We seek applicants for a two-year post-doctoral research fellowship to be funded by a Standard Grant from the Marsden Fund Council, administered by the Royal Society of New Zealand. The work will be based in the School of Biological Sciences at the University of Canterbury, New Zealand, under the primary supervision of Assoc. Prof. Daniel B. Stouffer.
Competition between species is central to understanding how the natural world works and is regarded by many ecologists as a critical factor in determining species coexistence. Within the literature, the notion that competition is an additive process—implying that pairwise interactions are enough to explain the outcomes of competitive interactions between species—has effectively become dogma among both theoreticians and empiricists.

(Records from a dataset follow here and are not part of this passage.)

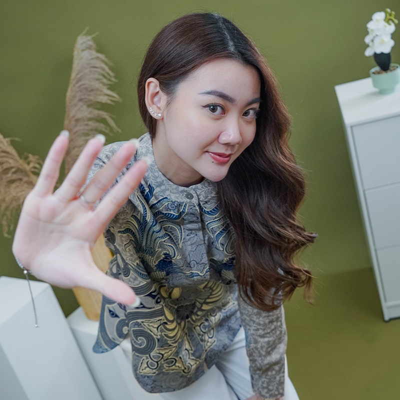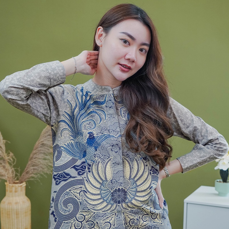 My Aksa Batik Wanita Blouse Suwargaloka Soft Grey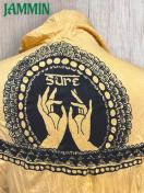 ロータスやダブルドルジェ、仏陀ハンドなどのプリント入りのフード付きロンTです。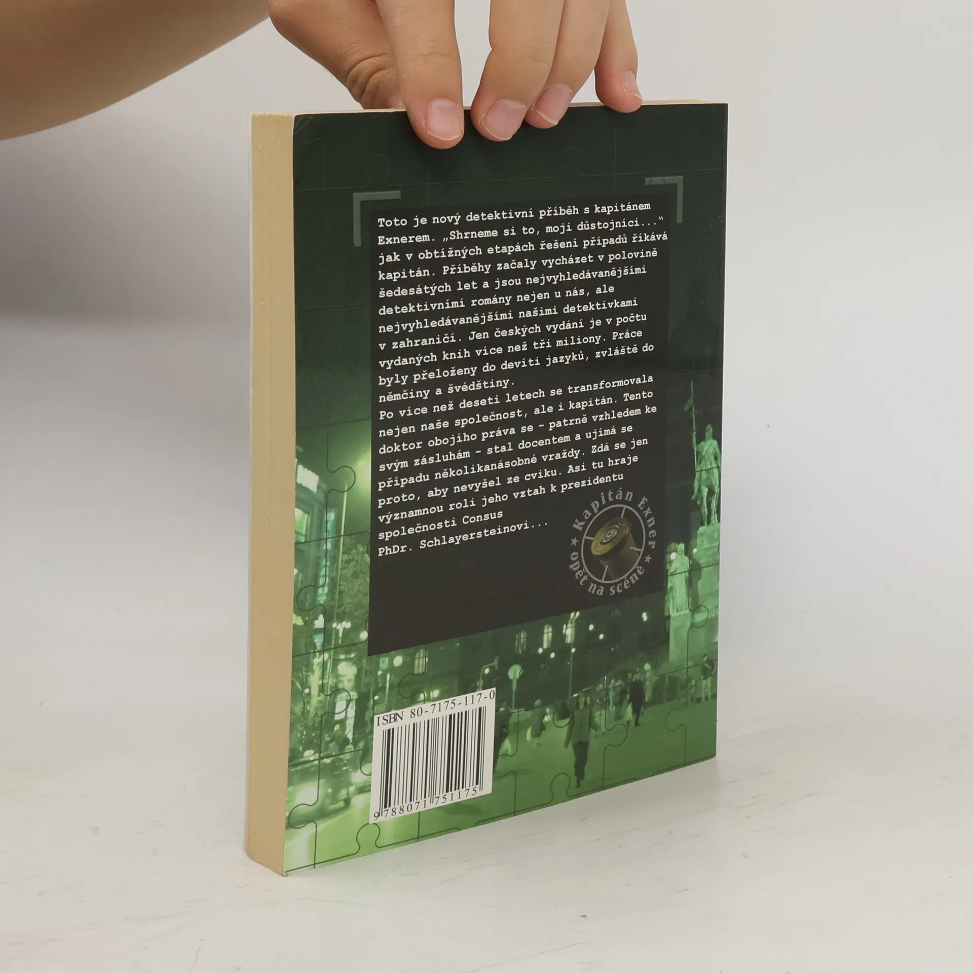 Toto je nový detektivní příběh s kapitánem Exnerem. „Shrneme si to, moji důstojníci…" jak v obtížných etapách řešení případů říkává kapitán. Příběhy začaly vycházet v polovině šedesátých let a jsou nejvyhledávanějšími detektivními romány nejen u nás, ale nejvyhledávanějšími našimi detektivkami v zahraničí. Jen českých vydání je v počtu vydaných knih více než tři miliony. Práce byly přeloženy do devíti jazyků, zvláště do němčiny a švédštiny. Po více než deseti letech se transformovala nejen naše společnost, ale i kapitán. Tento doktor obojího práva se – patrně vzhledem ke svým zásluhám – stal docentem a ujímá se případu několikanásobné vraždy Zdá se jen proto, aby nevyšel ze cviku. Asi tu hraje významnou roli jeho vztah k prezidentu společnosti Consus PhDr. Schlayersteinovi…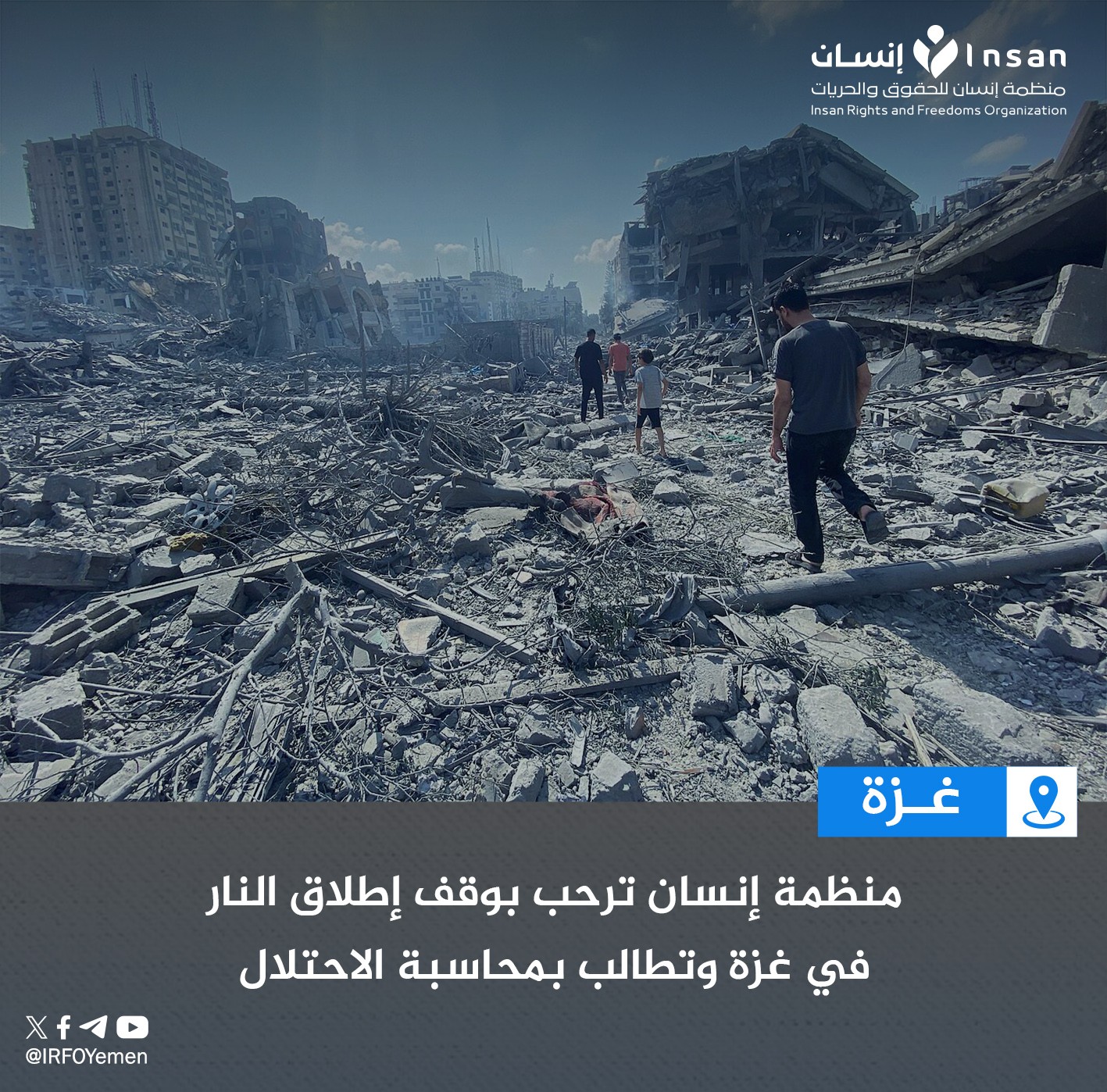 وجددت منظمة "إنسان" التأكيد على التزامها بالعمل من أجل تحقيق العدالة ومناصرة حقوق الإنسان، مشددة على أن أي تسوية أو هدنة لا يجب أن تغفل محاسبة المسؤولين عن الجرائم وضمان إنصاف الضحايا وإعادة بناء ما دمره العدوان.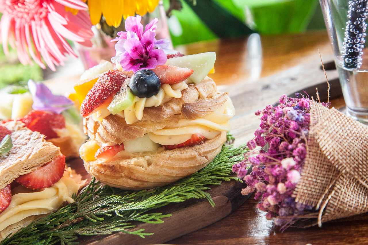 水果泡芙不囉嗦就是當季水果堆滿滿,泡芙皮也是自製的,口感膨鬆酥脆還有蛋奶香,卡士達醬同樣也不假他人之手,柔滑軟綿,甜蜜的在口中蔓延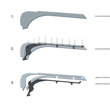 Do nového pavilonu restaurace hotelu Aquapalace Praha v Čestlicích navrhujeme interiér pro potřeby rozšíření spektra gastronomické nabídky – restauraci Terresa s provozem à la carte. Zároveň nabízí víceúčelový pronajímatelný salonek. Návrh interiéru vychází zejména z daného specifického tvaru pavilonu (zastřešení stávající terasy). Koncept řešení vymezuje plochy klidové a plochy pohybu. Pohyb je na podlaze zvýrazněn pomocí textury z pruhů. Na stropě se princip otáčí, pruhy vymezují prostory klidu – jsou vytvořeny z jasanových lamel. Lamely zároveň slouží pro rozptyl světla a pro vedení průsvitných závěsů. Závěsy mohou jemným způsobem nadělit prostor na soukromé kóje. Uprostřed centrální plochy je umístěn velkorysý kruhový lustr. Místo pod ním bude využíváno jako café, místo kuchyňských show či jiných prezentací. Materiálový koncept obnáší pouze jasanové dřevo, antracitové a bílé povrchy v různých materiálových provedeních (lak, kůže, mramor…).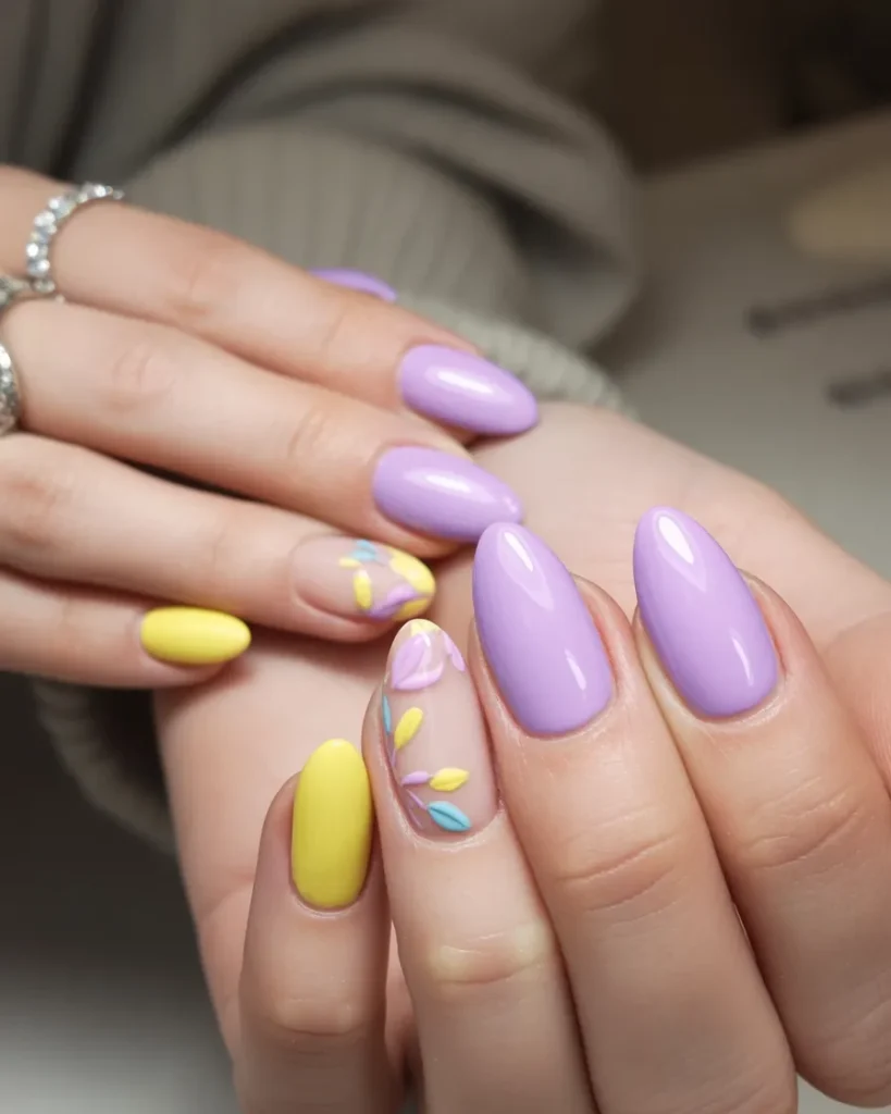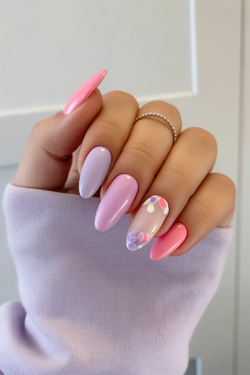 This combination is perfect if you love Pastel Colors but want something a little more dynamic. The almond shape keeps it elegant, and the clean blocks of color make it relatively easy to maintain. For easter spring nails 2026, this color pairing is a fresh standout.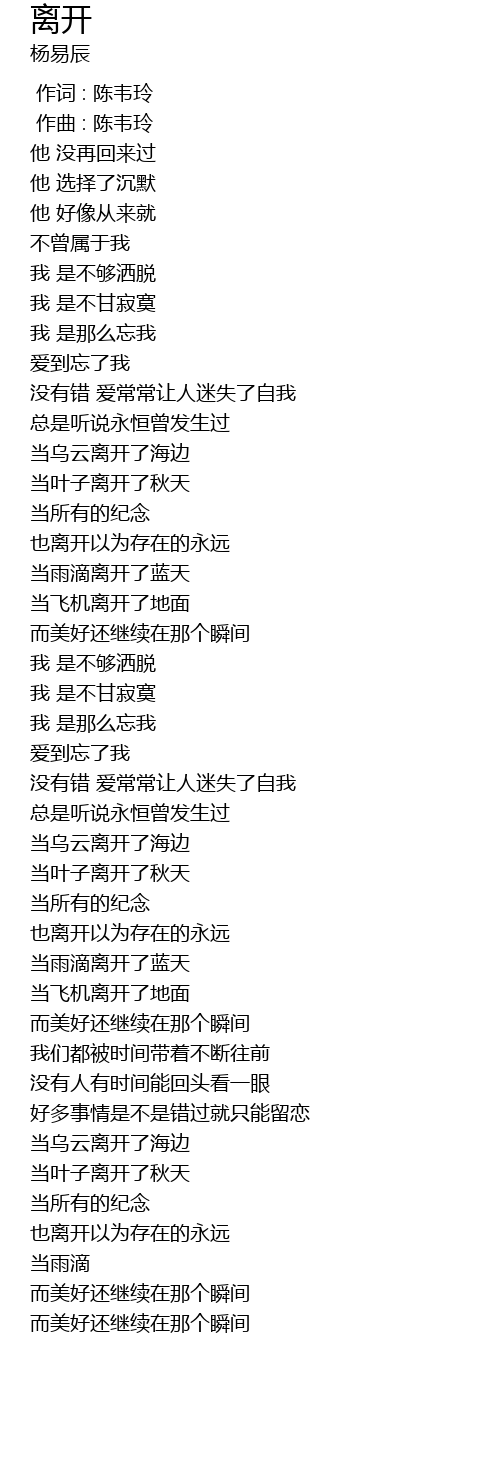| [02:26.935] | 当雨滴离开了蓝天 |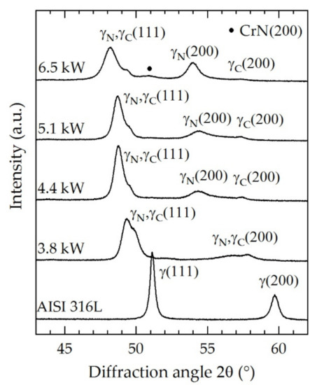 The diffraction profile of the base material (AISI 316L) showed defined and sharp peaks for γ(111) at approximately 51° and γ(200) at approximately 60°. After treatment, the austenite peak positions shifted to lower angles as a result of the lattice expansion. Due to the thickness of the expanded austenite layers, the base material was not detectable. Typically, the expansion is larger for γ(200) than for γ(111) because of the crystallographic anisotropy [37]. After the ASPNC treatment at 3.8 kW, a peak splitting was detected due to the formation of the dual layer made of γN (49.3°) and γC (50.0°) with different lattice parameters. Thereby, the level of expansion turned out to be larger for γN. The layer thicknesses of γN are considerably lower compared to the penetration depth of the radiation. Thus, a distinct and shifted dual peak was detected since γC was also detected. Additionally, for all peaks shown in Figure 7, broadening occurred which can be attributed to micro-strains and the element–depth concentration profiles. An increase in the screen power to 4.4 kW increased the concentration of nitrogen and carbon inside the expanded austenite (Figure 6). As a result, atomic spacing increased and a further lattice expansion for both γN (48.8°) and γC (49.5°) occurred, resulting in a peak shift to lower angles. Furthermore, the intensity of γN increased, which can be attributed to the thicker γN layer and lower detected volume of γC. Therefore, the intensity of γC decreased correspondingly. Another increase in the screen power to 5.1 kW did not change the diffraction profile significantly. The γN(200) and γC(200) peaks showed similar behavior compared to the condition of the 4.4 kW screen power. However, the peak splitting for the (200) peak profile was significantly larger than in the case of the (111) peak profiles. At 6.5 kW, the absolute concentration of nitrogen inside the expanded austenite increased. Thus, the (111) and (200) peaks of γN were further shifted and broadened while γC(200) was not strongly affected. Additionally, CrN can be detected at 6.5 kW which is not visible in the cross-section (Figure 4).
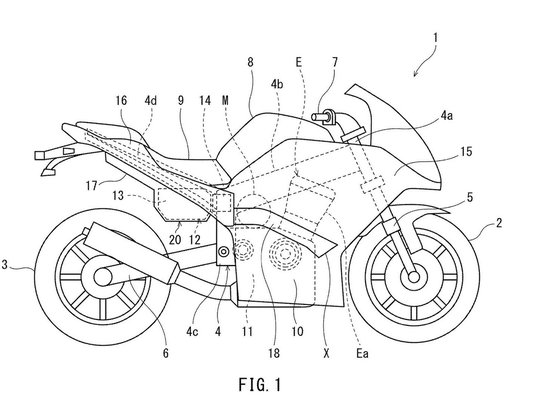 A másik szabadalom a villanymotor elhelyezésével foglalkozik, a Kawasaki a hatfokozatú váltó fölé építi be - ennek köszönhetően a belsőégésű használati élmény megmarad, illetve előrevetítik azt, hogy bármilyen, hasonló motor-váltó elrendezésű motorkerékpárnál bevethető lesz ez a megoldás.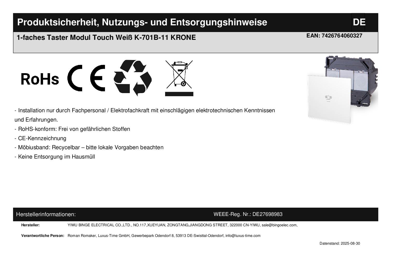 Krone einfaches Touch-Taster-Modul inkl. weißem Touchfeld.Bitte beachten Sie, dass es sich bei diesem Angebot nur um das Touch-Taster-Modul OHNE Glasrahmen handelt. Die Glasabdeckung des Touch-Moduls ist Bestandteil des Lieferumfangs. Bei diesem Produkt handelt es sich um einen Taster und nicht um einen Lichtschalter . Für die Verwendung eines Tasters als Schalter ist zwingend ein Relais notwendig. Anders als ein Schalter sendet der Taster nur einen kurzen Impuls und würde so z. B. das Licht nur solange eingeschaltet lassen wie der Taster betätigt wird. Einfache und schnelle Montage, sowohl vertikal als auch horizontal . Alle Touch-Schalter sind beleuchtet . Wenn die angeschlossene Leuchte ausgeschaltet ist, leuchtet der Schalter schwach blau, wenn die Leuchte eingeschaltet ist, leuchtet der Schalter in einem stärkeren Blau. Der Austausch erfolgt wie bei anderen Wipp-Schalter-Herstellern. Ersetzen Sie einfach Ihre alten Wipp-Schalter durch ein neues, langlebiges Design. Die Lichtschalter- und Steckdosen-Module sind für Unterputzdosen mit 60 mm Durchmesser geeignet . Die Module werden mittels der den Glasblenden beiliegenden Metallrahmen durch Schrauben an den Unterputzdosen befestigt. Bei uns erhalten Sie die komplette Krone Bandbreite; von einem einfachen Wipp-Lichtschalter bis zum smarthome-fähigen Touch-Lichtschalter. Hinweis zur Installation: Taster stromlos anschließen. Glasblende aufsetzen. Wichtig!!! Strom erst einschalten, wenn die Glasblende aufgesetzt wurde. Sollte dieser Hinweis nicht beachtet werden, kann es vorkommen, dass der Taster nicht reagiert. Fragen? Rufen Sie uns an oder senden Sie uns eine E-Mail. Wir beraten Sie gerne! Technische Daten:Abmessungen: 48 mm x 48 mm x 25 mm Betriebsspannung: AC110 ~ 250V, 50Hz60Hz max. Stromzufuhr für jeden Gang 2.5 A max. Leistung für jeden Gang: 800W Ruhestromverbrauch: weniger als 0,1mW Lebensdauer: 100.000 Benutzungen Montage in Standard UP-Dose mit Durchmesser von 60mm mit Schraubgewinde Herstellerangaben:YIWU BINGE ELECTRICAL CO.,LTD.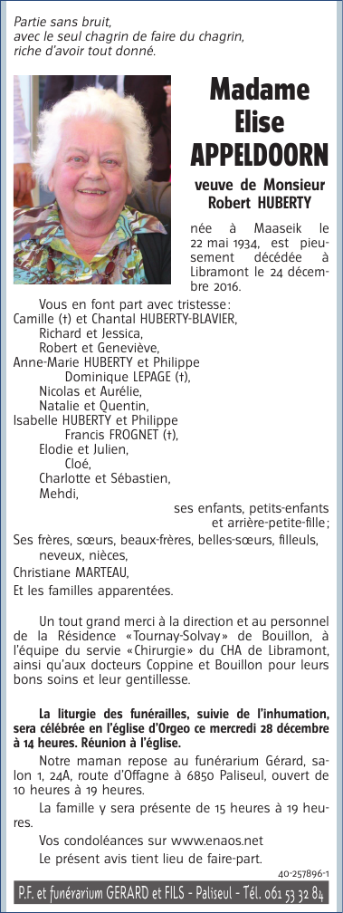 Décédée à Libramont (6800) le samedi 24 décembre 2016 à l'âge de 82 ans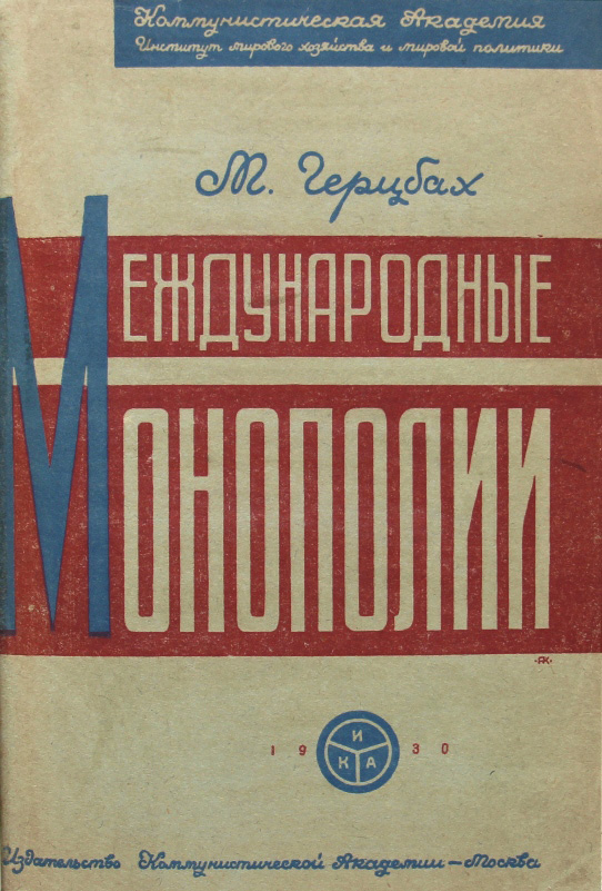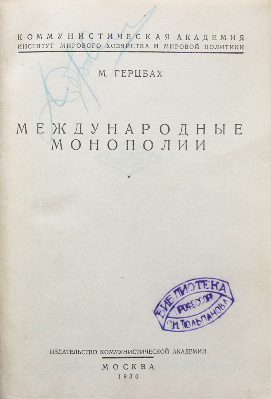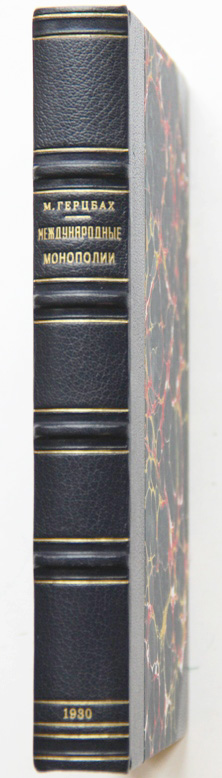 Герцбах М. Международные монополии. М.: издательство Коммунистической Академии, 1930. 367, [2] с. 21 х 14,5 см. Книга впоследствии не переиздавалась. В современном полукожаном переплете. Сохранена издательская обложка работы художника А.Кречика. Отличная сохранность. На титульном листе владельческая подпись и штамп-экслибрис: «Библиотека профессора С.И.Тюльпанова».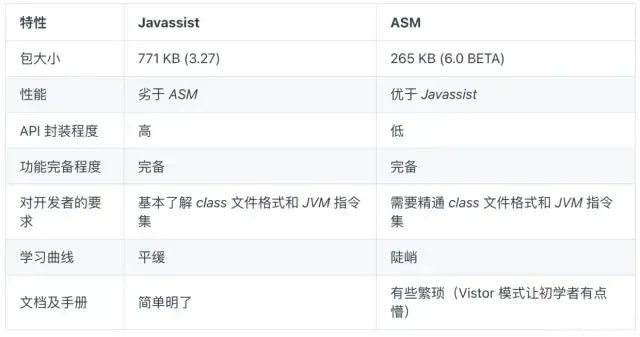 目前主流的字节码修改框架除了ASM,还有Javaassist,两者对比:

There are a variety of reasons, however, why nature may not work quite so simply and that competition is actually a non-additive process. With this in mind, the primary objective of this research program is to test the validity of this assumption across diverse empirical datasets from natural plant communities. We also plan to evaluate the extent to which this revised perspective on competition between plants alters our understanding of the mechanisms of coexistence, as well as our general appreciation for the complexity of diverse plant assemblages.
The successful applicant will be expected to develop novel analytical, computational, and statistical approaches for the study of higher-order interactions. They will also have the opportunity to influence and drive the specific modelling approach used. The position will be primarily based in the Stouffer Lab at the University of Canterbury. However, the research will also be developed in close collaboration with the grant's co-PI, Prof. Margaret Mayfield from the University of Queensland, Australia, and the post-doctoral fellow will have multiple opportunities to spend time in Dr. Mayfield’s lab during the course of the project. Notably, this position is also aligned with a larger set of related endeavours being undertaken by members of the two research groups (at the postgraduate and post-doctoral levels), as well as ongoing empirical studies led by Dr. Mayfield and her team as part of an Australian Research Council Discovery Grant (awarded to Drs. Mayfield and Stouffer).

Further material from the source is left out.